Start of DATA FOR ANALYSIS

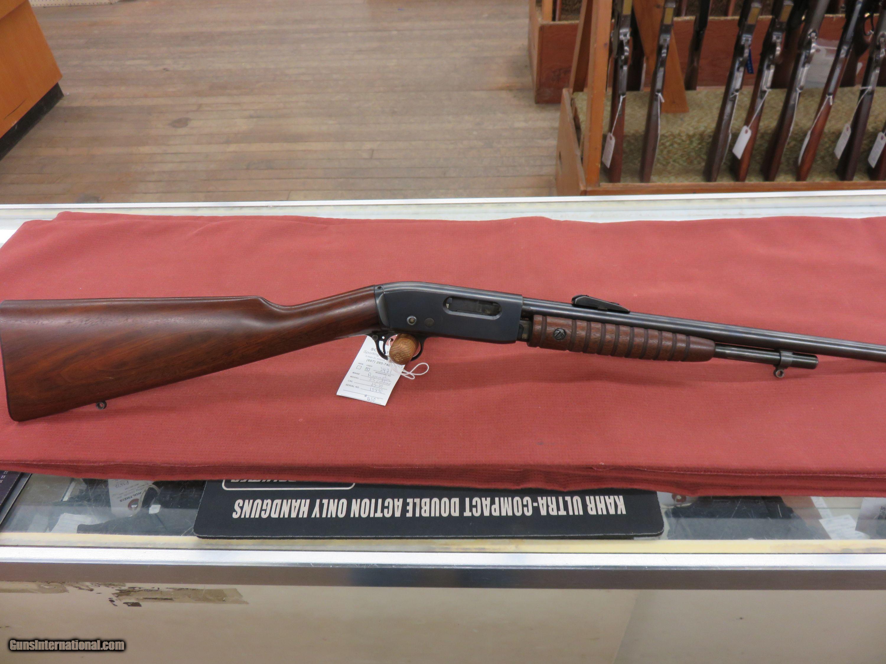Description: Remington Model 25 Carbine, 25-20, a beauty with 98% original blue & wood varnish, all original except for 3 scope mount holes on top & 1 hole filled in on the upper grip of the stock for a receiver peep sight that was once there. SOLD |
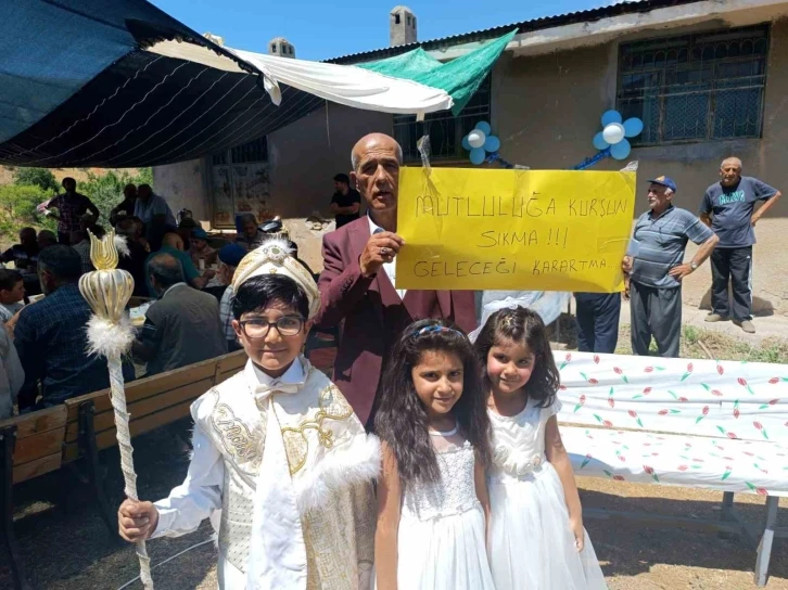 Tunceli’de bir sünnet düğününde, yurt genelinde ’maganda kurşunu’ dolayısıyla yaşanan üzücü olayların önüne geçmek ve farkındalık oluşturmak adına ’Mutluluğa kurşun sıkma, geleceği karartma’ pankartları açıldı.
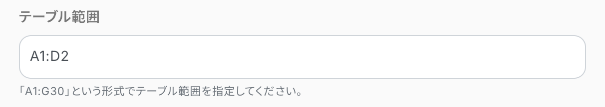 「テーブル範囲」はGoogle スプレッドシートに合わせて入力してください。
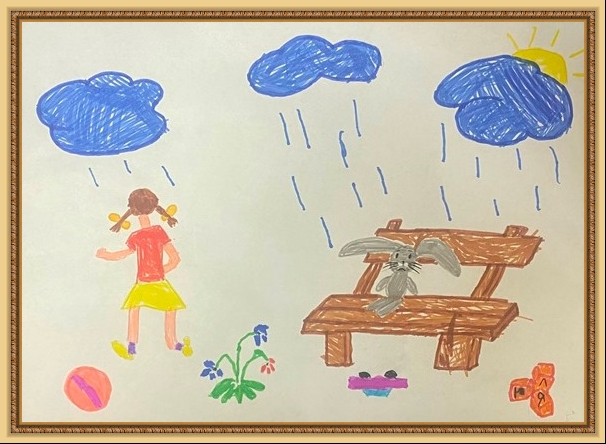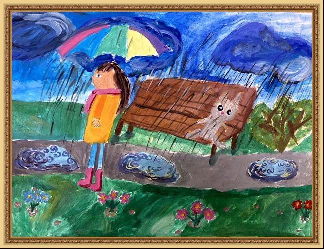 Второе место - Осипова Галя (скачать документ), "Дождь пройдёт - мы будем вместе.", педагог - Огурцова Ирина Владимировна, МБДОУ детский сад №3 "Светлячок", Тверская область, Осташковский г.о.
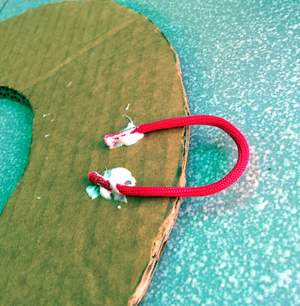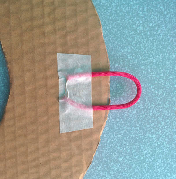 3. Pegar la cuerda paracord en la parte posterior de la cartulina para formar un lazo de suspensión. Deje que se seque.
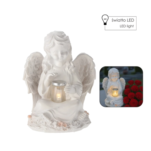 Élégante figurine d’ange en résine résistante avec éclairage LED solaire intégré : elle orne le jour et diffuse, à la nuit tombée, une lumière douce et apaisante pendant 6 à 8 heures. Grâce à la recharge automatique sans câbles ni piles, elle est idéale pour le jardin, la terrasse et les lieux de recueillement. Résistante à la pluie, au gel et au soleil, elle crée une atmosphère chaleureuse.
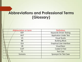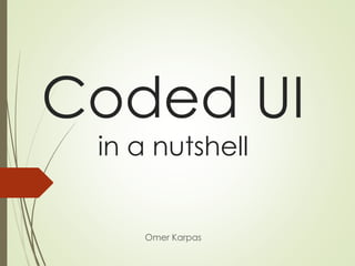1. Coded UI is a Microsoft framework that allows developers to automate testing of user interfaces across different technologies like Windows Forms, HTML, and WPF.
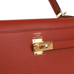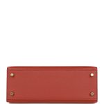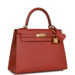 This?Sellier Kelly is of?Rouge?Venetian epsom leather with?gold hardware and has?tonal stitching, front flap, two straps with center toggle closure, clochette with lock and two keys, single rolled handle and an optional shoulder strap.
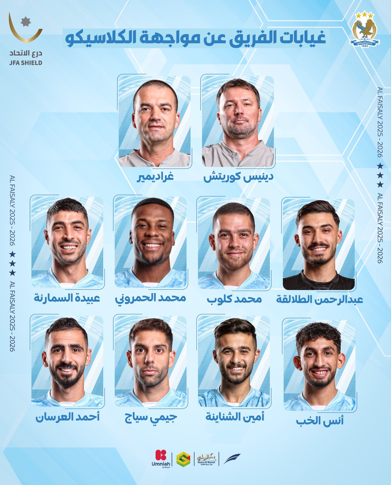 وسيغيب عن الفريق المدير الفني دينيس كوريتش ومساعده غراديمير بسبب سفرهما في إجازة، إلى جانب غياب عدد من اللاعبين وهم: عبدالرحمن الطلالقة، محمد كلوب، محمد الحمروني، عبيدة السمارنة، أنس الخب، أمين الشناينة، جيمي سياج، وأحمد العرسان.
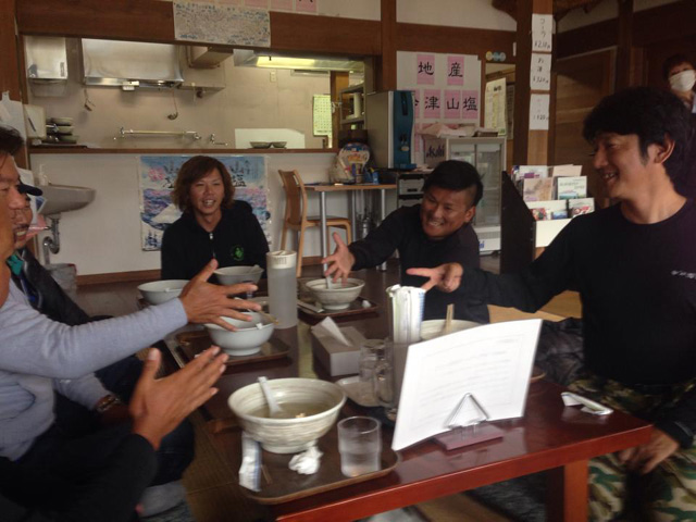 狂犬さん、宮本さん、泉さん、吉岡くん、片岡くん、小野さん。食べ終わったらじゃんけんが始まる。そう、全員のラーメン代金を賭けたじゃんけん大会。
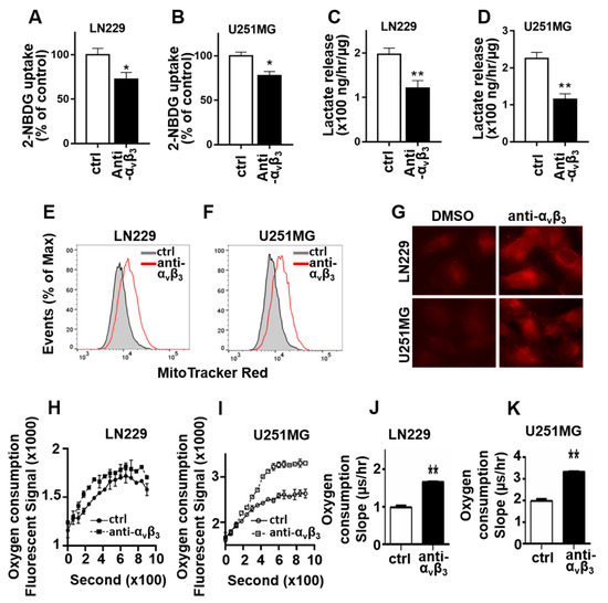 Because integrin αvβ3 knockdown inhibits glycolysis and promotes mitochondria OXPHOS, we next examined whether αvβ3 integrin engagement with osteopontin is required for regulation of glucose metabolism in GBM cells. We chose to examine αvβ3 and osteopontin engagement on glucose metabolism because their interaction is an important signaling events in GBM tumor invasion and growth [1,2,3,6,11]. LN229 and U251MG GBM cells were plated on osteopontin (10 μg/mL) coated plate in the presence or absence of anti-αvβ3 blocking antibody as described previously [1,11], then glucose uptake, glycolysis, and mitochondrial activity were measured (Figure 2). Glucose uptake was significantly decreased in LN229 and U251MG cells treated with αvβ3 blocking antibody when compared to that in cells treated with control antibody (Figure 2A,B). The lactate levels in the culture medium were significantly lower in LN229 and U251MG cells treated with αvβ3 blocking antibody (Figure 2C,D). In addition, blocking of αvβ3 integrin engagement with osteopontin significantly increased MitoTracker labeling in both LN229 and U251GM cells, indicating enhanced mitochondrial membrane potential and activity (Figure 2E,F). Consistent with the flow cytometry results, imaging of MitoTracker labeled cells showed enhanced fluorescence in cells treated with αvβ3 blocking antibody (Figure 2G). Finally, cellular oxygen consumption rate was significantly increased in both LN229 and U251MG cells treated with αvβ3 blocking antibody (Figure 2H–K). Taken together, these results suggest that engagement of integrin αvβ3 with osteopontin results in a metabolic shift towards glycolysis and inhibits mitochondrial oxidative phosphorylation in GBM cells.
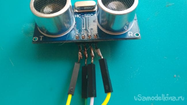 Берём ультразвуковой дальномер и припаиваем к его выходам (vcc, Echo, Trig, Gnd) провода типа "папа-мама":
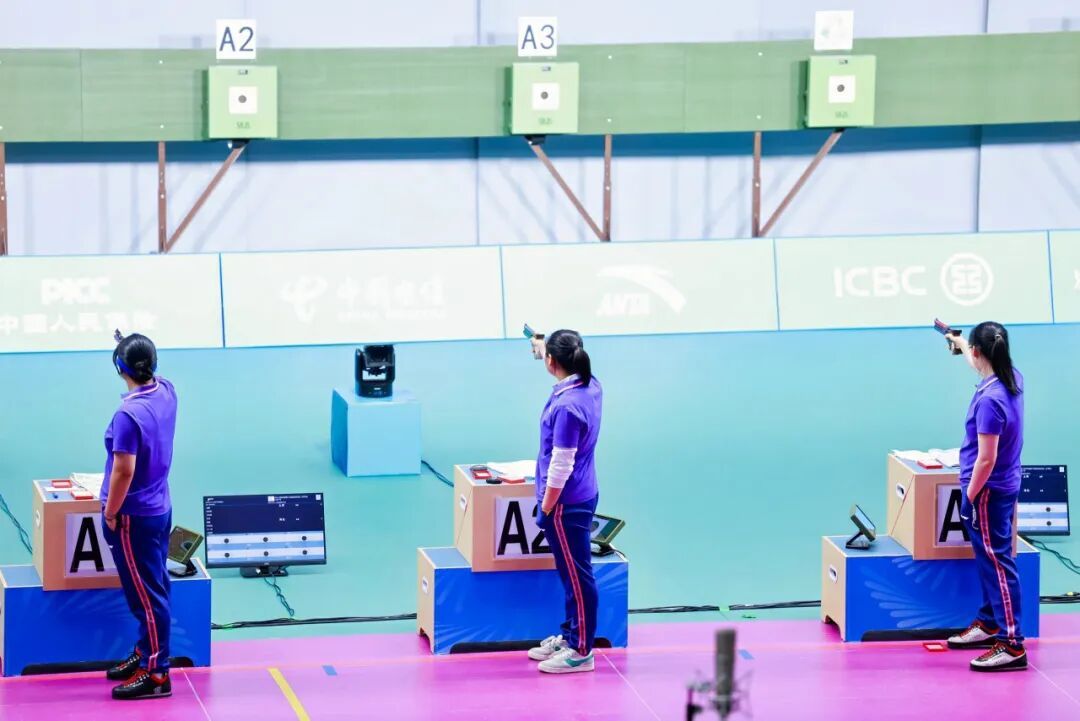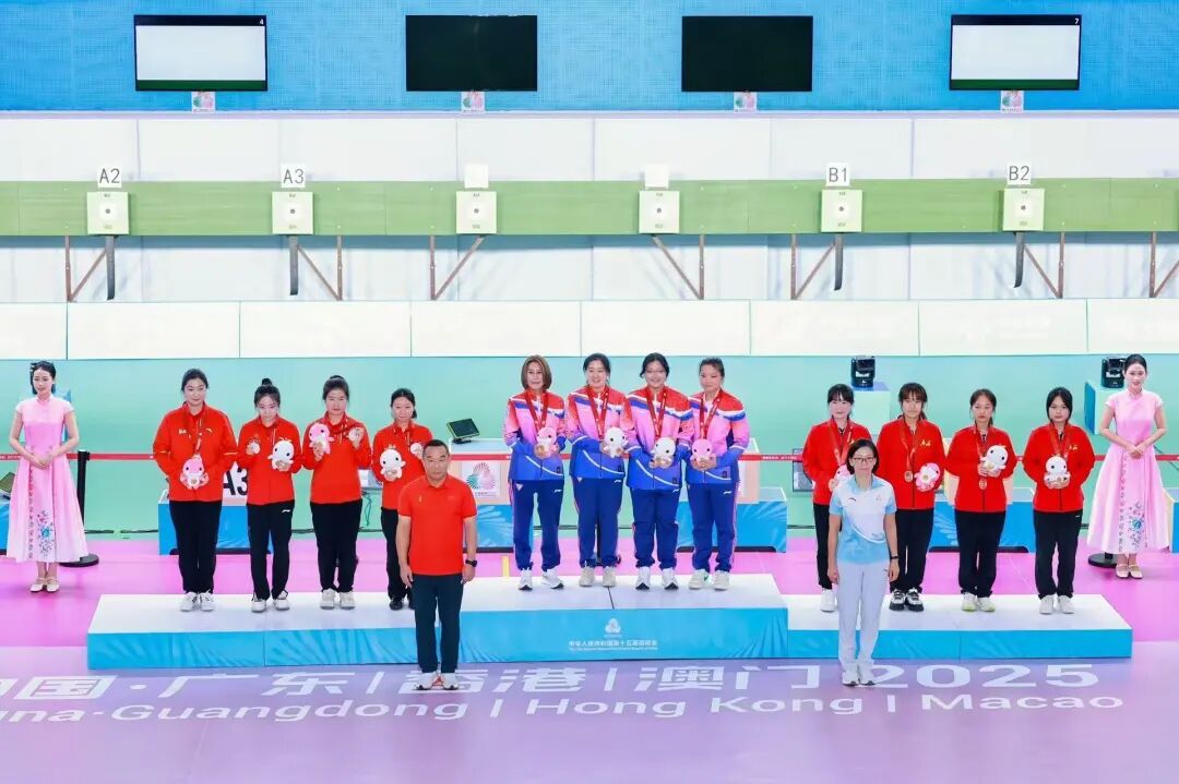 在10月16日进行的全运会射击项目女子10米气手枪个人决赛中,姜冉馨为上海队夺得一枚铜牌(相关链接)。同时在团体赛资格赛中,姜冉馨、沈奕瑶、张绮组成的上海队以1745环的总成绩超越中国队在2025年射击亚锦赛中创造的1740环的团体世界纪录。今天上午进行的团体决赛中,第一轮,上海队先得2分,随后河北队连续得分,以6:2领先。上海队随即叫了一个暂停,暂停回来后上海队迅速调整状态,连续六轮得分,比分来到14:6。河北队扳回2分后,上海队一鼓作气,以16:8夺得冠军,“射”下这枚沉甸甸的金牌。
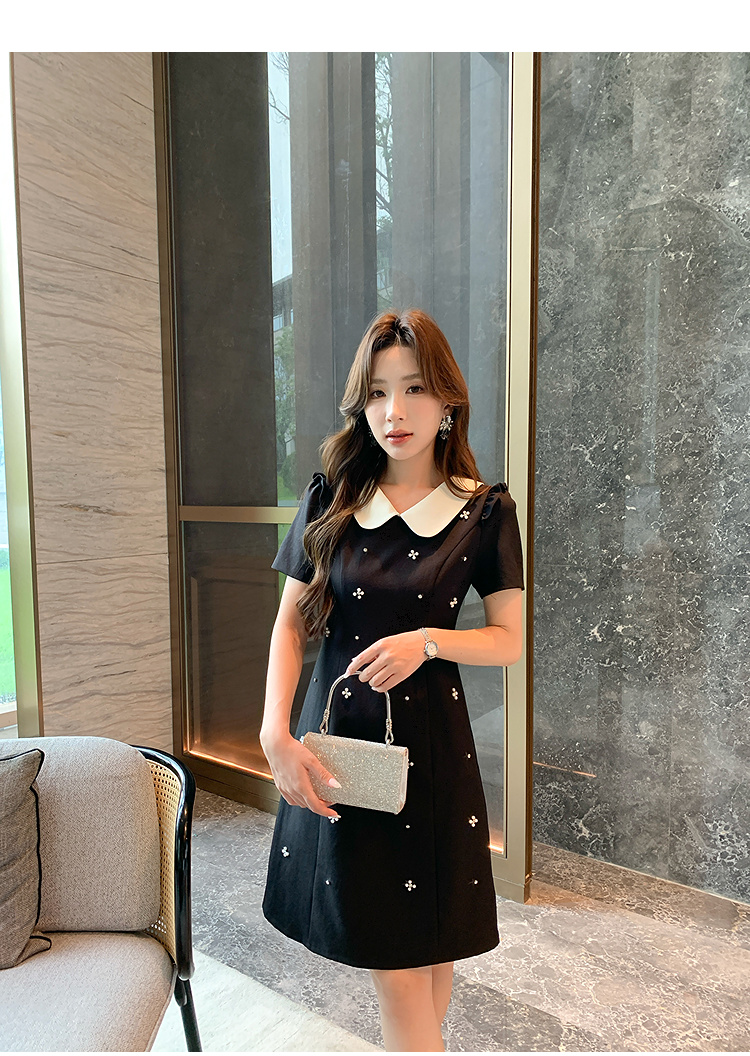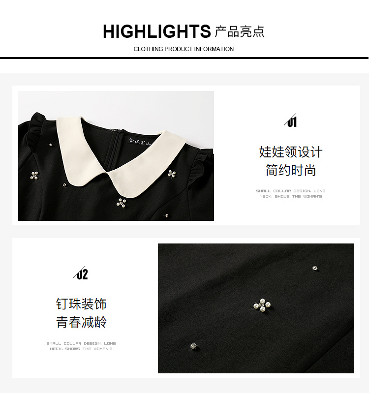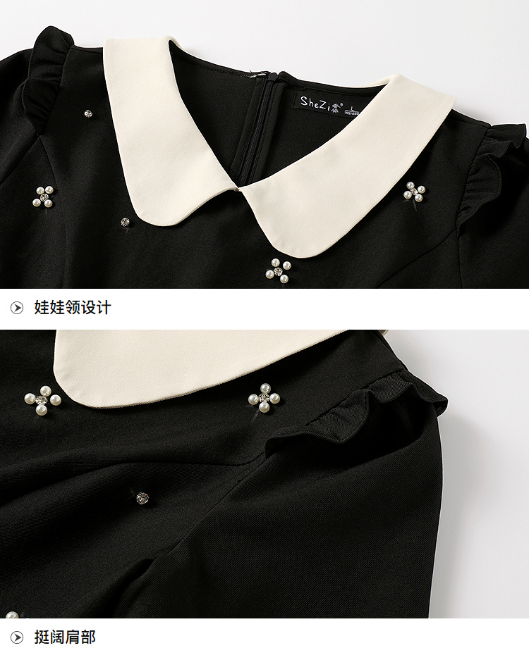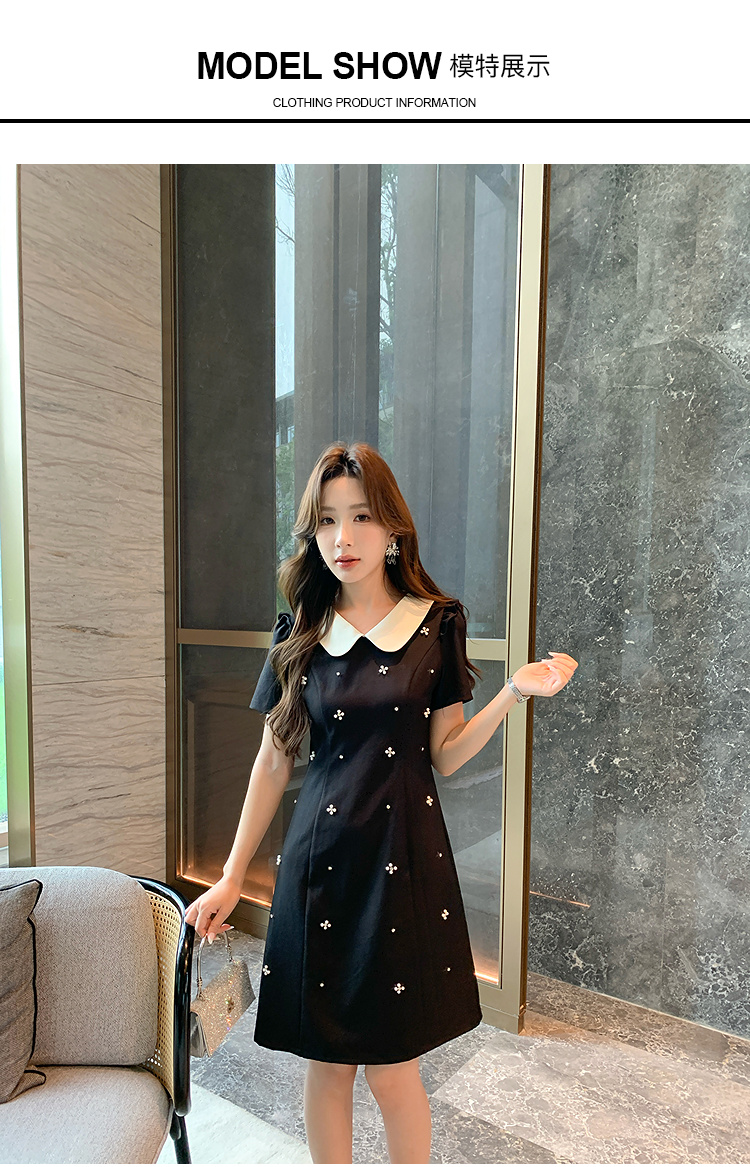 奢姿大码女装2025夏季减龄钉珠木耳边裙子胖妹妹时尚娃娃领连衣裙9952803321B

End of DATA FOR ANALYSIS

• _ASSIGNED TASK_:
From the opening line of the entries above to the line containing "Второе место - Осипова", please transcribe each line exactly, skipping every picture.

• _SOLUTION TO THE PROBLEM_:
Description: Remington Model 25 Carbine, 25-20, a beauty with 98% original blue & wood varnish, all original except for 3 scope mount holes on top & 1 hole filled in on the upper grip of the stock for a receiver peep sight that was once there. SOLD |
 Tunceli’de bir sünnet düğününde, yurt genelinde ’maganda kurşunu’ dolayısıyla yaşanan üzücü olayların önüne geçmek ve farkındalık oluşturmak adına ’Mutluluğa kurşun sıkma, geleceği karartma’ pankartları açıldı.
 「テーブル範囲」はGoogle スプレッドシートに合わせて入力してください。
 Второе место - Осипова Галя (скачать документ), "Дождь пройдёт - мы будем вместе.", педагог - Огурцова Ирина Владимировна, МБДОУ детский сад №3 "Светлячок", Тверская область, Осташковский г.о.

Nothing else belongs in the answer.